Regarding the nodes, training on only attention nodes performed very poorly on both training and evaluation data. The results improved slightly with the addition of MLP projections, but none of the models or fine-tuning approaches achieved an evaluation cross-entropy below 0.5. However, when including the embedding layer—despite the significant increase in the number of training parameters—the model began to generalize well. I assume this is due to the introduction of new terminology, requiring the model to adjust its embeddings slightly. I did not modify the LM head, as no significant performance improvements were observed.

For ReFT, the nodes in the last 8 layers were unfrozen with attention to allow the model to retain its general knowledge while incorporating more specific domain knowledge about quantum research. Although the results were close to those obtained with LoRA, they were consistently slightly worse.
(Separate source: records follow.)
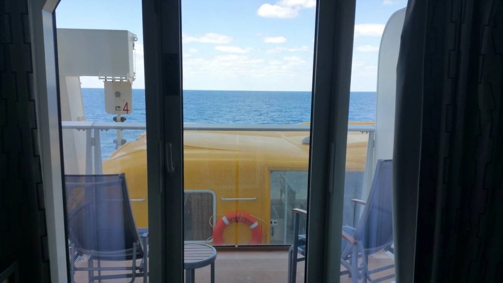 OK – let’s leave out the ocean view and go big time – veranda or nothing! Good choice. But there are verandas and then there are verandas. What does this mean “metal” veranda. Well it means the room is in that part of the ship where it narrows towards the front usually and instead of having a glass balcony wall you get a solid metal one. Sure you still have a veranda but unless you are six foot tall you have to stand up to see the view. Not my favourite. Or sometimes you just have that jolly old life boat in the way.
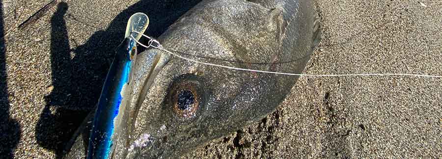 波打ち際で暴れる魚をロッドワークでコントロールし、一旦沖に走らせ落ち着かせた。次に打ち寄せる波にタイミングを合わせて頭を岸に向かせて、そのまま一気にランディングに持ち込んだ。
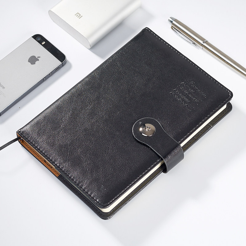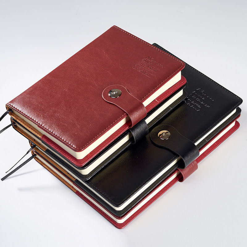 博文文具商务笔记本鸡眼扣厚本皮面记事本办公用品磁扣工作会议本
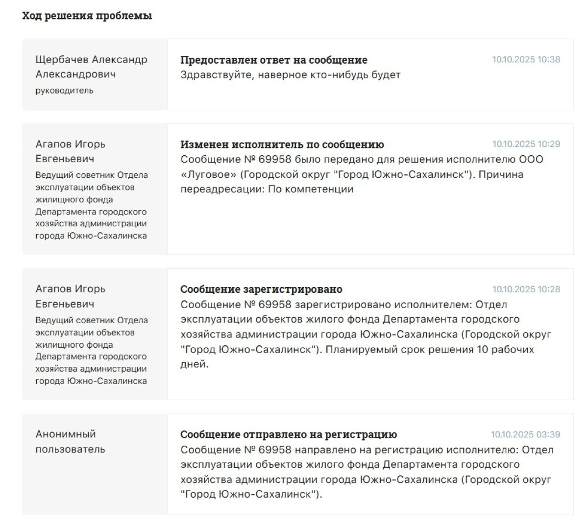 На портале «Сахалин.онлайн» обращение было отправлено в ООО «Луговое», откуда пришел очень странный ответ. Полная цитата:
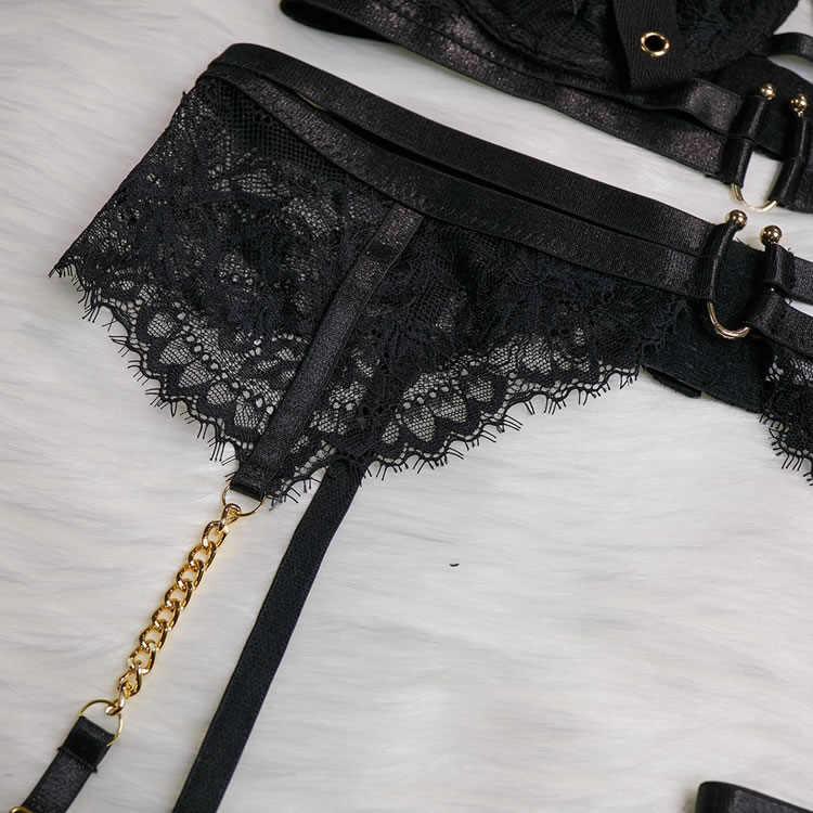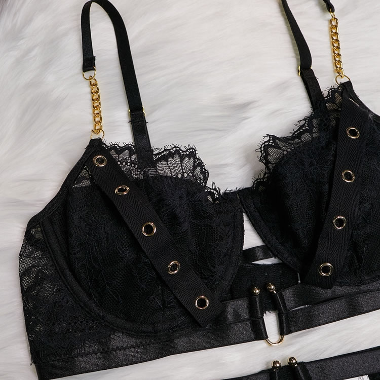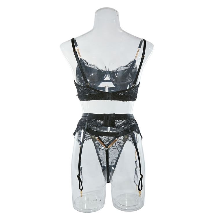 3-piece lingerie set features soft lace underwire cups, adjustable spaghetti straps, a hook and eye back closure, a matching high waisted garter belt with adjustable garter straps, and a matching panty.
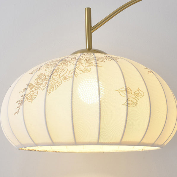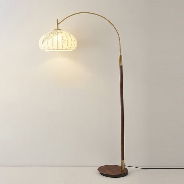 Traditional Chinese Fishing Rod Round Oval Cone Iron Fabric 1-Light Standing Floor Lamp For Living Room
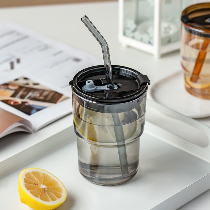 Giới thiệu Cốc Thủy Tinh Chịu Nhiệt Đơn Giản Có Ống Hút Tiện Dụng Cho Văn Phòng/ Trà Sữa
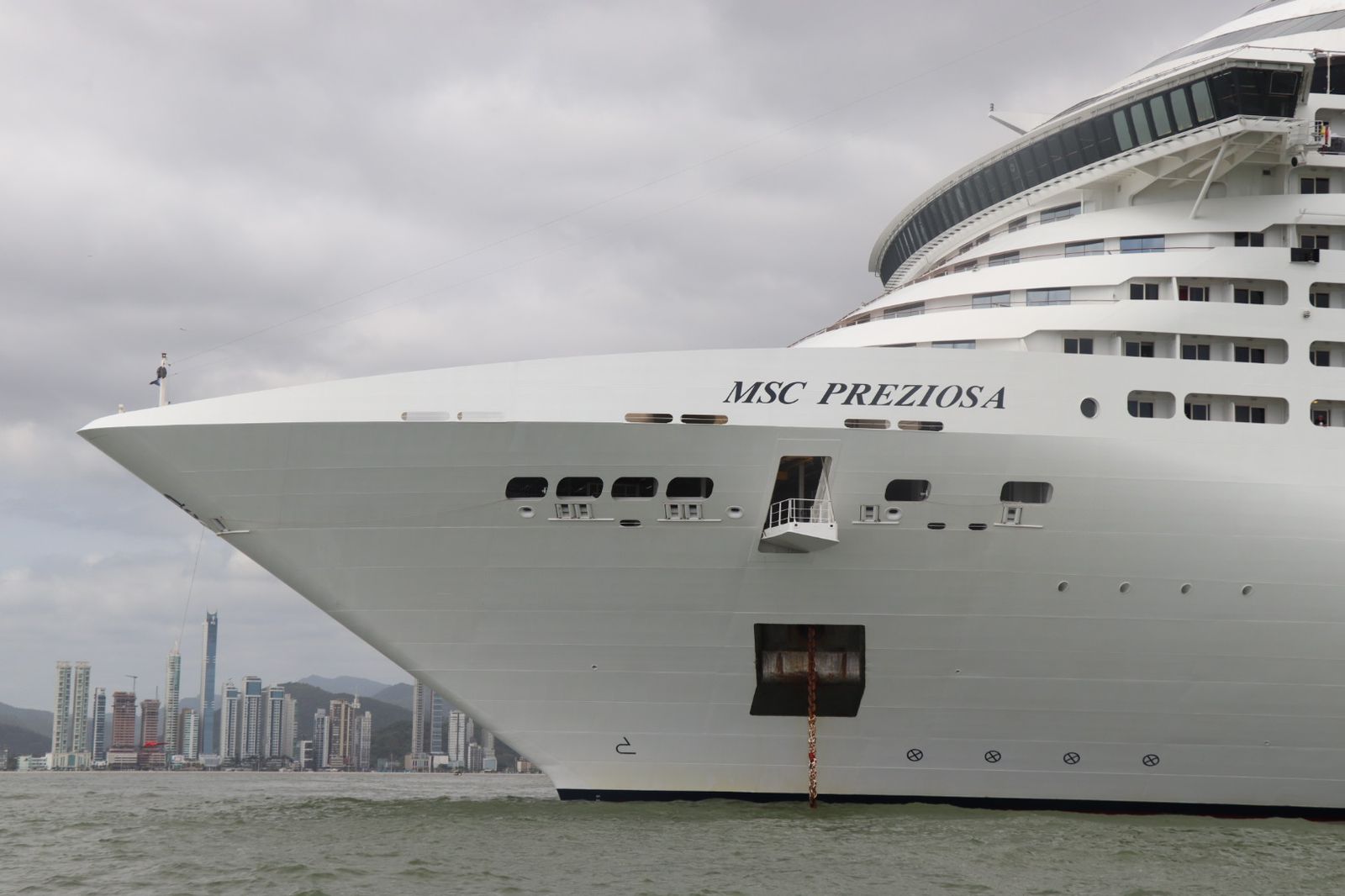 Com 4.060 passageiros e 1.270 tripulantes, o navio MSC Preziosa abriu a temporada de cruzeiros 2023/2024 em Balneário Camboriú na manhã desta quarta-feira (8 de novembro). A embarcação chegou ao Atracadouro Barra Sul por volta das 7h, vinda de Porto Belo, com previsão de seguir viagem às 17h, rumo a Santos (SP).
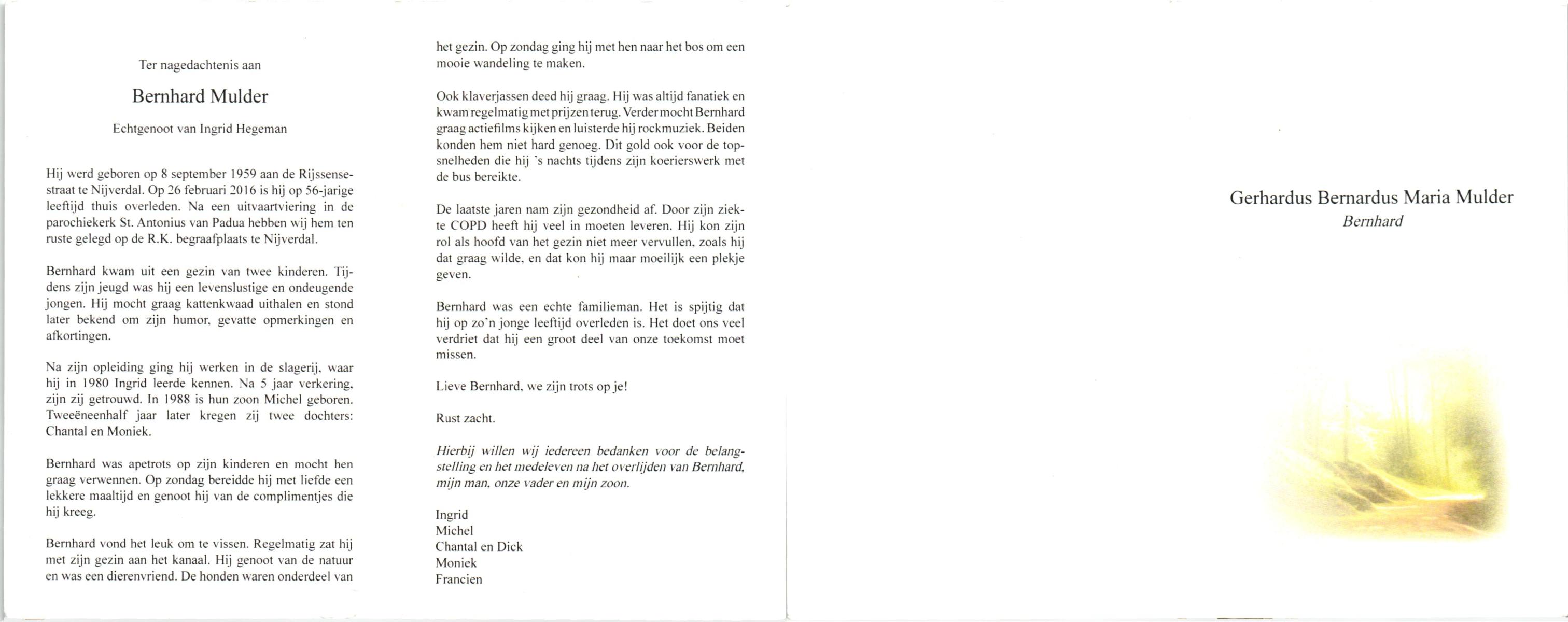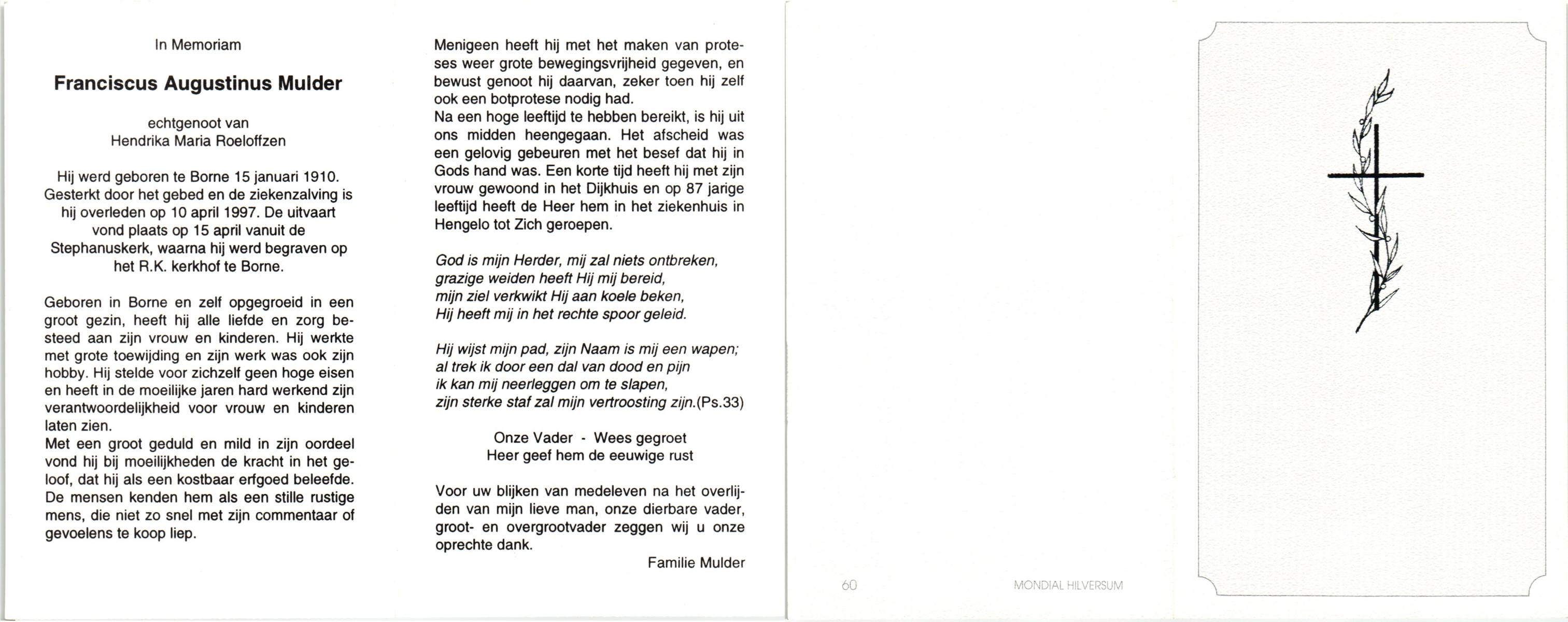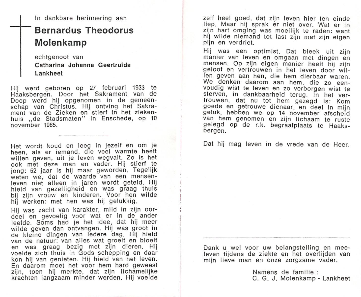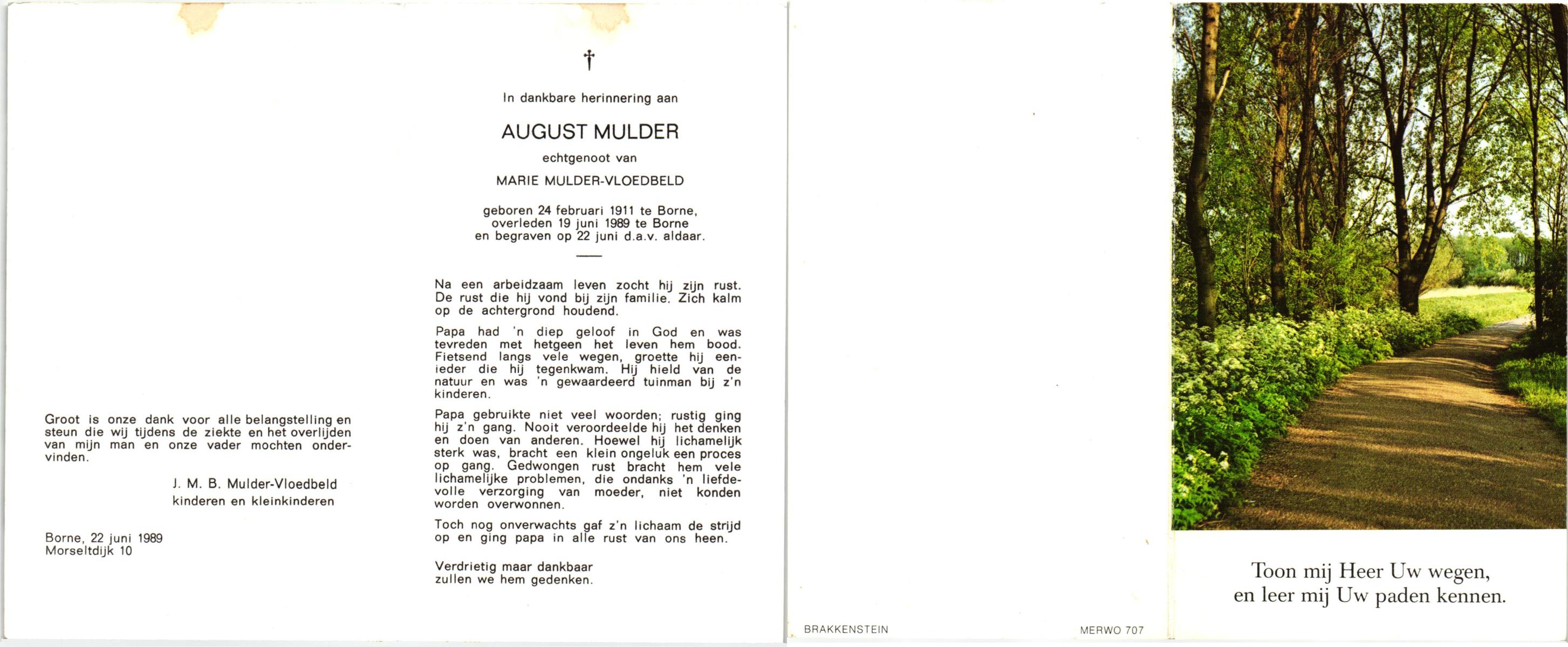 MULDER, , Bernardus Hermannus, geboren op 15-8-1916 te Borne, overleden op 12-9-1997 te Borne op 80-jarige leeftijd.

After 3 to 4 epochs, the model began to overfit regardless of the strategies employed. Increasing both batch size and the number of epochs resulted in higher final training and evaluation cross-entropy.

Following an extensive grid search, supervised fine-tuning of Llama 3.1-8B with LoRA+ and the parameters mentioned above yielded the best training and evaluation cross-entropy.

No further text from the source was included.